Universiteit Maastricht

Universiteit Maastricht

Persbericht

10 september 2004

Instrument voor verbetering diagnostisch aanvraaggedrag van huisartsen

Betere opvolging van richtlijnen en kostenbesparing met Diagnostisch Toets Overleg

Drs. Wim Verstappen, huisarts te Weert, promoveert vrijdag 17 september aan de Universiteit Maastricht op zijn onderzoek naar het diagnostisch aanvraaggedrag van huisartsen. In zijn proefschrift toont hij aan dat het Diagnostisch Toets Overleg (DTO) een effectief instrument is om aanvullende diagnostiekaanvragen door huisartsen meer volgens de richtlijnen te laten verlopen. Het instrument is niet zozeer gericht op afname van het absolute aantal aanvragen, maar vooral om de kwaliteit van het diagnostisch handelen te verbeteren, aldus Verstappen. De promovendus berekende in zijn promotie-onderzoek dat het DTO ook kostenbesparend werkt.
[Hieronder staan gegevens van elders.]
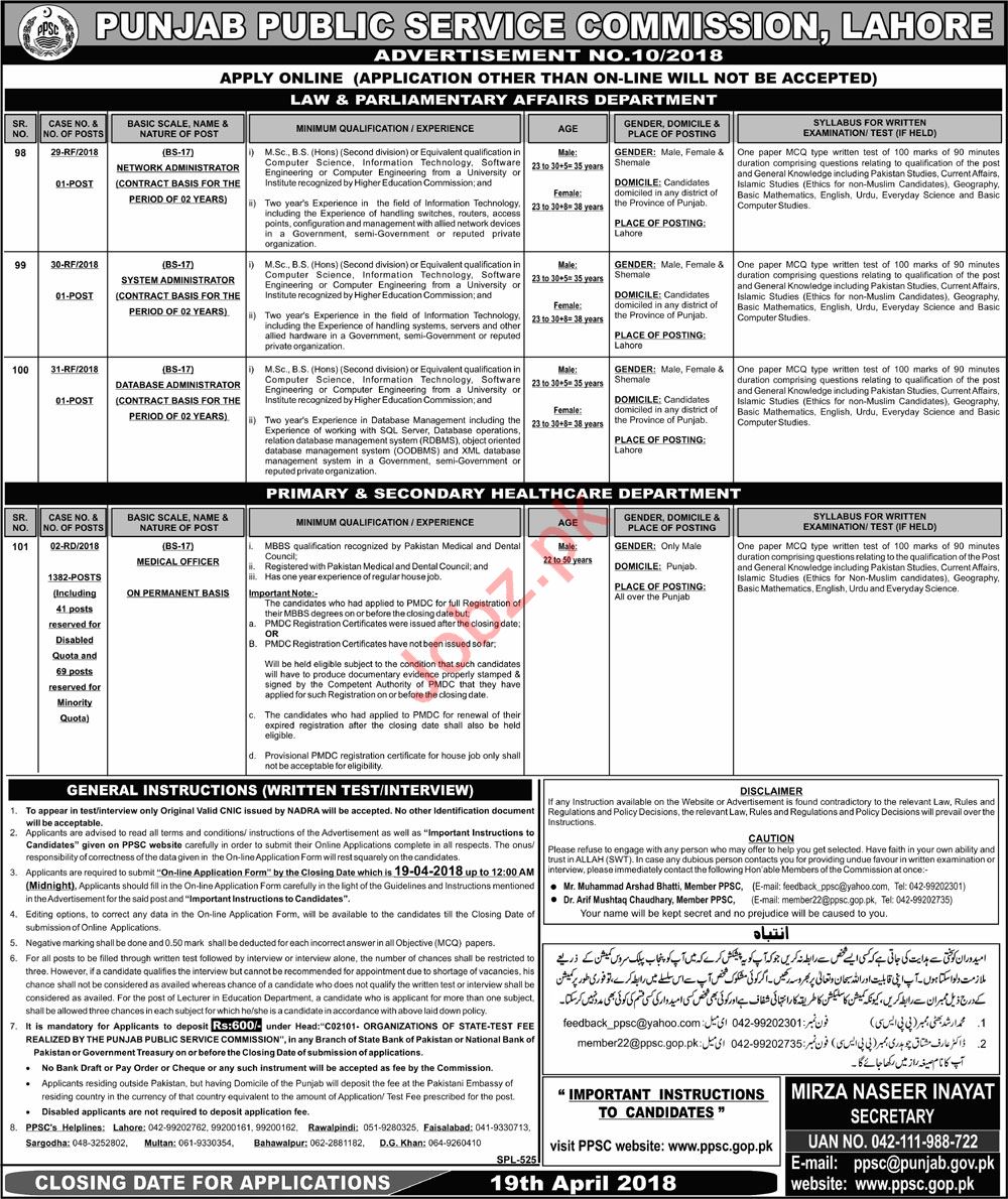 Punjab Public Service Commission announced vacancies for the posts of MBBS Medical Officers, Network Administrator, System Administrator and Database Administrator in the Departments of Primary and Secondary Healthcare Department and, Law & Parliamentary Affairs Department.

Het NHG (Nederlands Huisartsen Genootschap) ontwikkelt richtlijnen o.a. voor aanvullende diagnostiekaanvragen (laboratorium-, beeldvormend en functie-onderzoek) door huisartsen. Hoewel deze richtlijnen steeds vaker gevolgd worden is er vaak sprake van overdiagnostiek (meer testaanvragen dan de richtlijnen voorschrijven). In sommige gevallen, met name bij chronische aandoeningen zoals diabetes, wordt echter te weinig aanvullende diagnostiek aangevraagd.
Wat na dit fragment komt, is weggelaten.